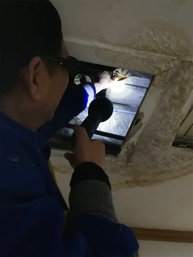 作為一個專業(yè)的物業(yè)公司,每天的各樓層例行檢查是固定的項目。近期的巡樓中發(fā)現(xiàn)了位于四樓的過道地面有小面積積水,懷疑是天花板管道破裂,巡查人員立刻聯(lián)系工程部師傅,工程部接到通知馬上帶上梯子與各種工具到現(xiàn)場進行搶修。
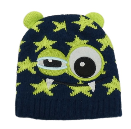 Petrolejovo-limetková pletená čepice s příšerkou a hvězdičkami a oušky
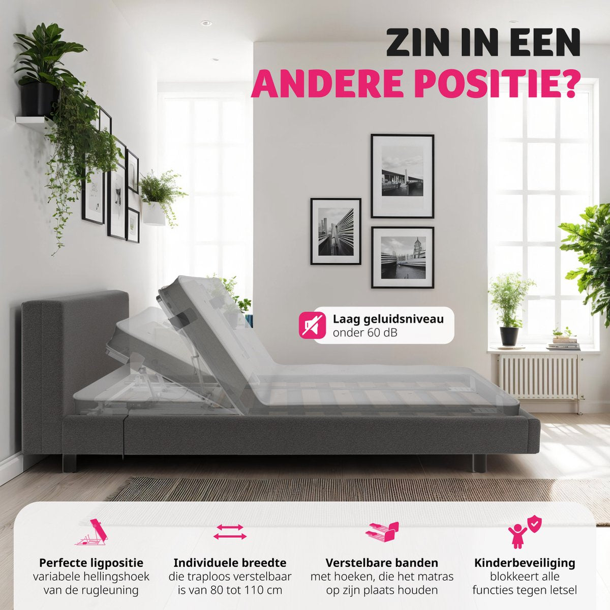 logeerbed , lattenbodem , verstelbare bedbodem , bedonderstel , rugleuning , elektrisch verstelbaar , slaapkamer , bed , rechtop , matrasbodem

TASK STATEMENT >>
Please retype the whole listing above exactly, without any of its images.

EXERCISE OUTPUT >>
 作為一個專業(yè)的物業(yè)公司,每天的各樓層例行檢查是固定的項目。近期的巡樓中發(fā)現(xiàn)了位于四樓的過道地面有小面積積水,懷疑是天花板管道破裂,巡查人員立刻聯(lián)系工程部師傅,工程部接到通知馬上帶上梯子與各種工具到現(xiàn)場進行搶修。
 Petrolejovo-limetková pletená čepice s příšerkou a hvězdičkami a oušky
 logeerbed , lattenbodem , verstelbare bedbodem , bedonderstel , rugleuning , elektrisch verstelbaar , slaapkamer , bed , rechtop , matrasbodem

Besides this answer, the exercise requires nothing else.